In 2023, turning to the past to find solutions for present challenges is taking the country down roads far darker than the song’s images of mellow trumpets, Bacardi cocktails and “dancin’ at your Long Island Jazz Age parties.”
Today, those glancing “backward when forward fails,” as a verse explains, have landed on child labor and Jim Crow — not exactly the good old days. And the citizens of every age whose lives could be turned upside down don’t feel like singing.
In Iowa and Minnesota, bills working their way through the system float an idea that was abandoned when even the cruelest among Americans couldn’t stomach policies that permitted children to toil in sweatshops and on assembly lines, stealing time from education that might have led to brighter futures. Some of the work could possibly endanger their lives.
But what’s a country to do when there is need — the need for low-income families to earn more money and for businesses to fill hiring goals? Something once thought repugnant can look pretty seductive if the alternative, trying to level the playing field with empathetic policy, is out of the question. So, why not reach back to a time when inequality was the point, tolerated by those who benefited and ignored by those who didn’t feel the pain?
And by jobs, I’m not talking about babysitting or scooping ice cream.
“Legislators in Iowa and Minnesota introduced bills in January to loosen child labor law regulations around age and workplace safety protections in some of the country’s most dangerous workplaces,” The Washington Post reported. “Minnesota’s bill would permit 16- and 17-year-olds to work construction jobs. The Iowa measure would allow 14- and 15-year-olds to work certain jobs in meatpacking plants.”
What could go wrong? Well, the Labor Department has been taking an interest, with investigations already looking into how much industry is or is not protecting younger workers.
Those actions haven’t stopped other states from exploring ways to loosen regulations.
Such work will predictably affect poor Americans more than most. I hardly think wealthy kids would choose working in a meatpacking plant over an internship in a chosen field. Such internships or jobs with little or no pay have been nonstarters for a young person who has to help the family pay the bills.
And, in this country, with its persistent racial wealth gaps, minorities might no doubt disproportionately be the ones working longer hours in more dangerous jobs.
There’s nothing wrong with hard work. At a young age, my grandfather toiled on oyster boats off the Eastern Shore of Maryland, a job so tough that the move to the big city of Baltimore and the life of a longshoreman on the docks were an improvement. But in his time, he had fewer options.

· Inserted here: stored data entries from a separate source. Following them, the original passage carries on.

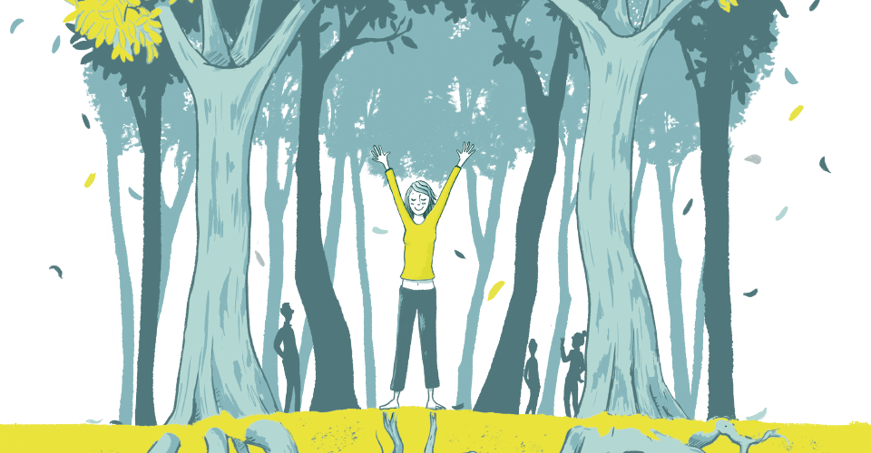 Nous avons souhaité montrer en une illustration le lien qui unit la nature à l’homme et les bienfaits régénérateurs de la forêt…
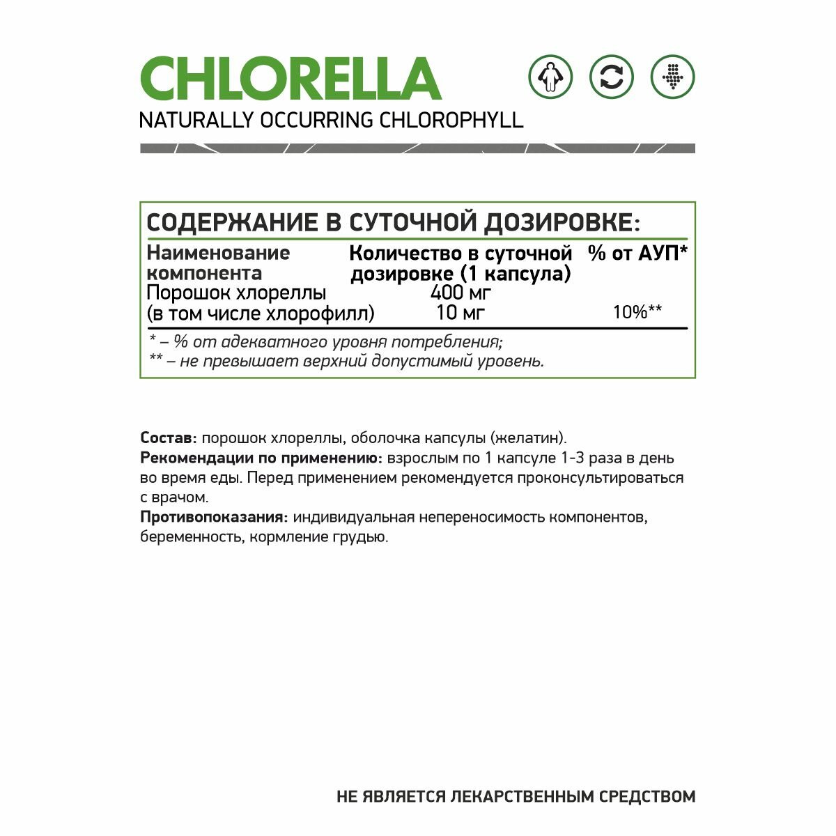 | Состав | порошок хлореллы, оболочка капсулы (желатин) |
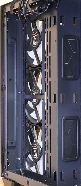▼左艙配置圖,右側前方風扇架預裝3個120mm ARGB從控反向風扇
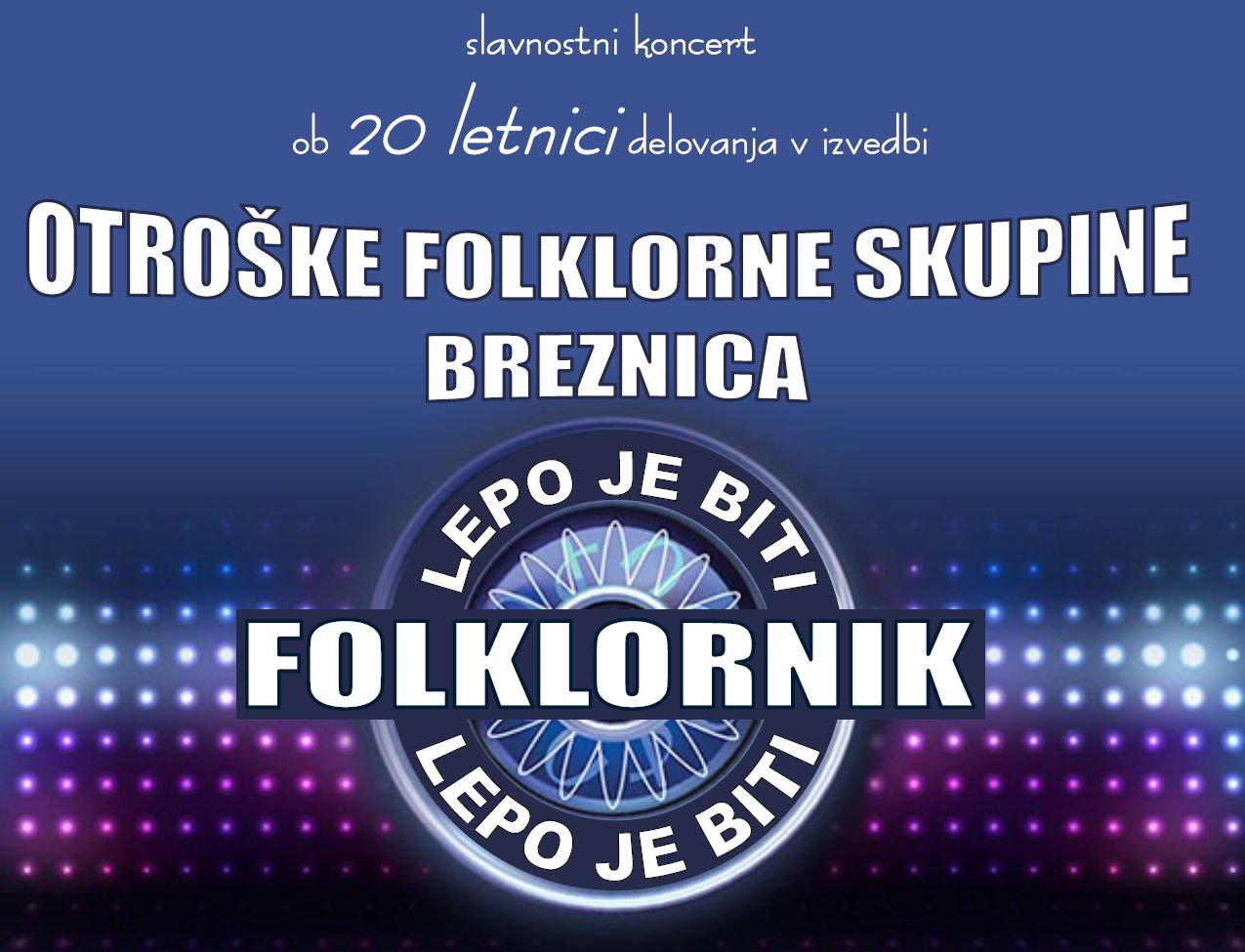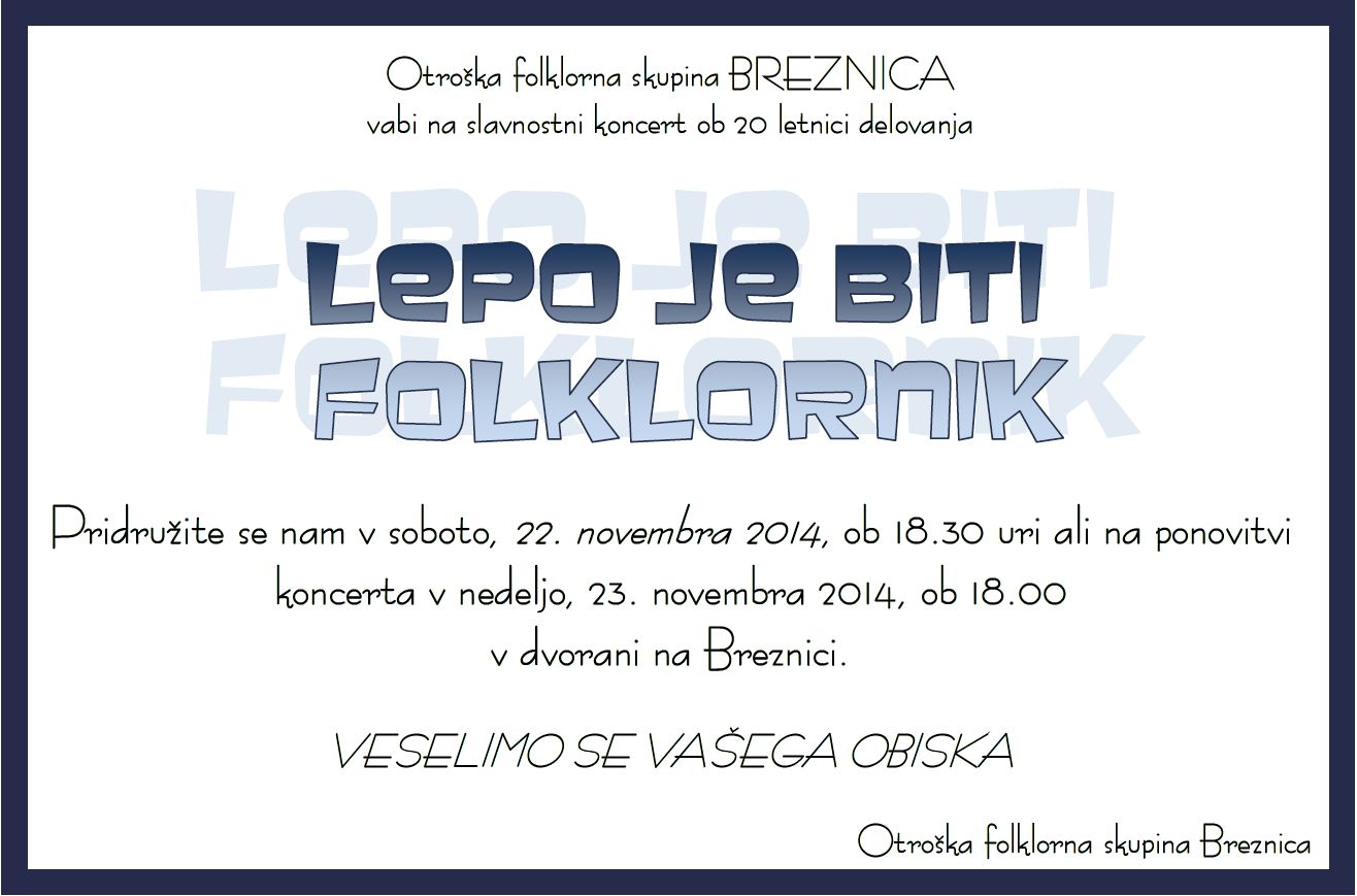 MLADI FOLKLORNIKI VAM SPOROČAMO, DA SMO NESKONČNO VESELI, KER NAS PODPIRATE V TAKO VELIKEM ŠTEVILU. SOBOTNI KONCERT “LEPO JE BITI FOLKLORNIK” JE ŽAL RAZPRODAN, VLJUDNO PA VABLJENI V DVORANO NA BREZNICI V NEDELJO, 23. NOVEMBRA OB 18. URI, DA Z NAMI PROSLAVITE ČASTEN JUBILEJ.
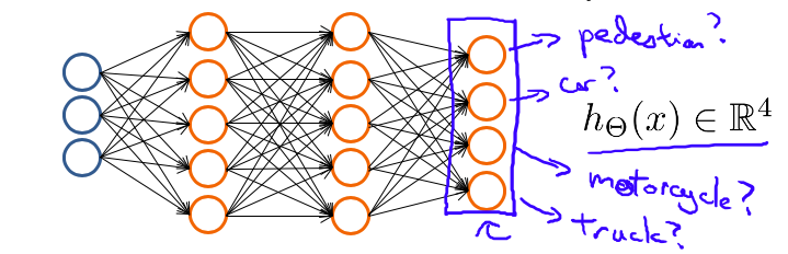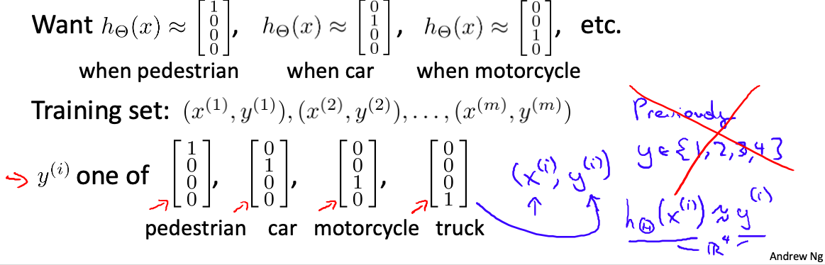 当我们有不止两种分类时(也就是y=1,2,3….),比如以下这种情况,该怎么办?如果我们要训练一个神经网络算法来识别路人、汽车、摩托车和卡车,在输出层我们应该有4个值。例如,第一个值为1或0用于预测是否是行人,第二个值用于判断是否为汽车
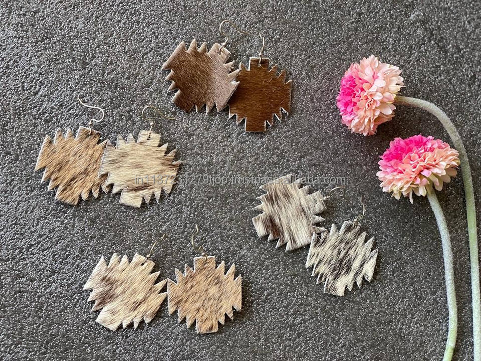 Western Look Handmade Cowhide Fur Leather Earrings Women and Girls Genuine Hair on Hide Cute Trendy Earrings
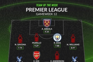 WhoScored英超第12轮最佳阵容:埃泽、鲁本·迪亚斯在列,森林4人
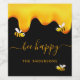 A chic black background decorated with golden dripping honey. The text: Bee Happy with a golden hand lettered style script with swashes. Personalize and add your name, family name. For summer parties, weddings, backyard BBQ's.
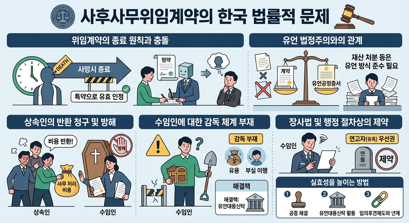 문제점: 수임인이 고인의 재산을 유용하거나, 장례를 제대로 치르지 않아도 이를 사후에 제재하거나 강제하기가 어렵습니다.
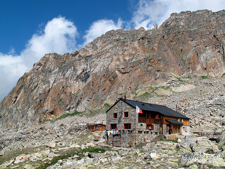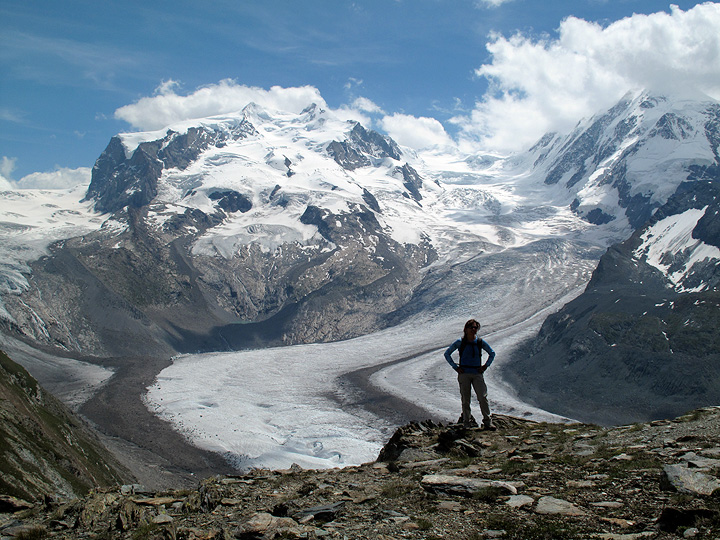 Easy scrambling leads back down to the hut. We made it with plenty of time to spare before dinner. The Strahlhorn, the Rimpfischhorn and the Allalinhorn are the big peaks behind. |
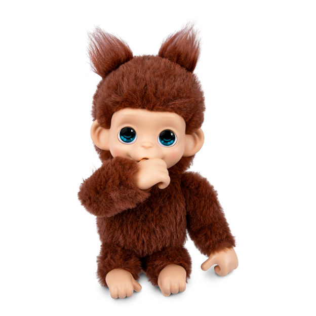 Avec sa fourrure brun foncé toute douce, ce bébé singe répand joie, surprises et câlins partout où il va. Très interactif, Chikki Cherry réagit au toucher avec plus de 20 sons et réactions réalistes trop mignons. Nourris-le, chatouille-le ou laisse-le sucer son pouce pour l'entendre pousser des cris de singe trop mignons. Chikki Cherry peut s'accrocher ou se suspendre n'importe où grâce à ses mains et pieds qui s'agrippent partout. Tu ne trouveras pas meilleur compagnon pour t'amuser partout où tu vas !
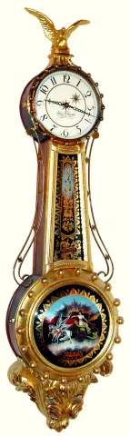Elmer O. Stennes, Weymouth, Mass., "Girandole" wall clock 8 day time only weight driven movement in gold leafed mahogany case stamped "OOB" for "Out on Bail" with convex reverse painted throat and lower Aurora tablets and painted metal dial, c1969
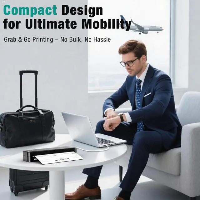 Portable & Lightweight DesignThis portable printers wireless for travel is compact and weighs just 1.51 pounds, easily fitting into a backpack or briefcase. Perfect for on-the-go carrying, it meets mobile printing needs during travel, business trips, work, and studyyour reliable companion for every journey.
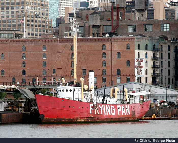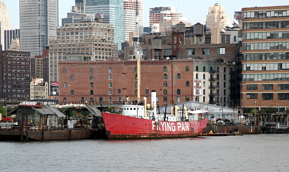 There appears to be no end to ingenuity and appropriation in this city, particularly when it comes to business. The Frying Pan was unknown to me until Sunday, when I photographed it on a neighborhood boat ride. This historic boat, built in 1929, was used as a lightship at Frying Pan shoals off the coast of Cape Fear in North Carolina, a notoriously hazardous area for ships (lightships or lightvessels are used in place of lighthouses where the water is too deep for a lighthouse). The Frying Pan was finally decommissioned in 1967. It then served a number of uses at various locations until it capsized and sunk in Chesapeake Bay in 1984. The ship remained underwater until 1987, when she was raised, restored, and moved to NYC’s Pier 63 and docked to a Lackawanna railcar barge.
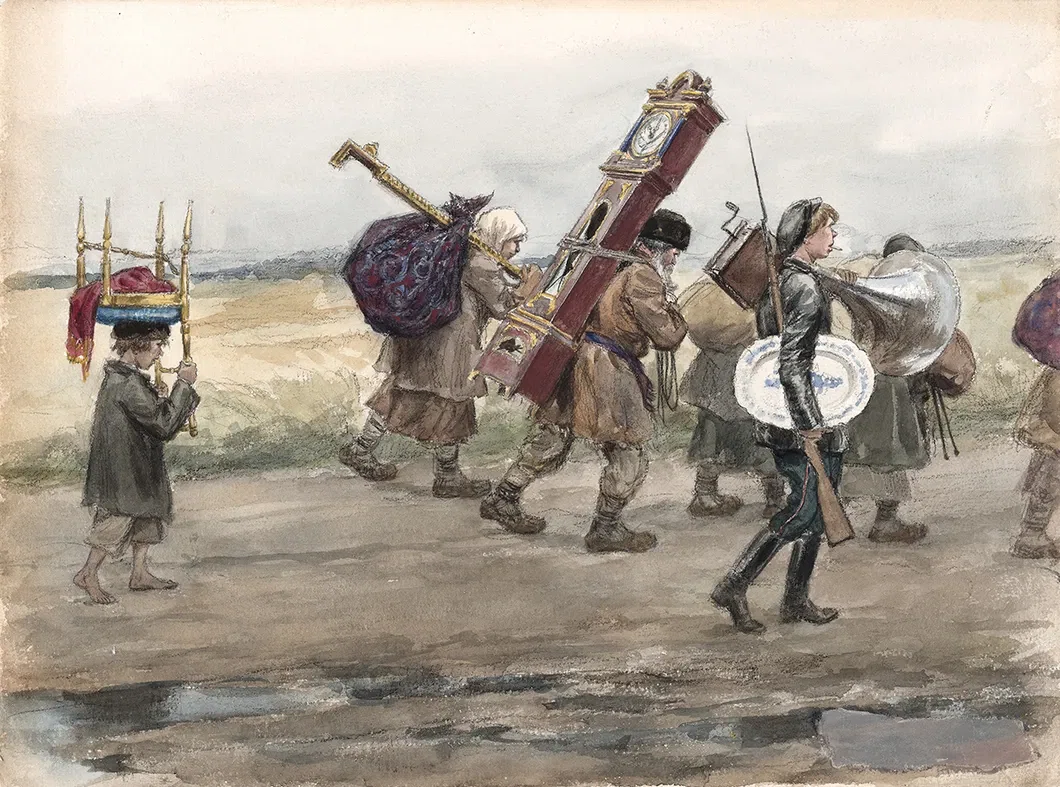 «Крестьяне возвращаются домой после разграбления барской усадьбы в окрестностях Пскова, 1919г.» Архив и библиотека Гуверовского института (США)

Young people today certainly do not, and shouldn’t be too broke to exercise them.
Considering America’s history, it’s no surprise that minorities might be the first to feel any rollback of rights. In Mississippi, separate and unequal seems the reason for changes in the court and criminal justice systems, changes that have Jim Crow written all over them.
“A white supermajority of the Mississippi House,” reported Mississippi Today, “voted after an intense, four-plus hour debate to create a separate court system and an expanded police force within the city of Jackson — the Blackest city in America — that would be appointed completely by white state officials.” State Rep. Edward Blackmon, a Democrat from Canton, Miss., referenced a state Constitution that removed voting rights from Black Mississippi citizens when he said during the debate, “This is just like the 1890 Constitution all over again. … We are doing exactly what they said they were doing back then: ‘Helping those people because they can’t govern themselves.’”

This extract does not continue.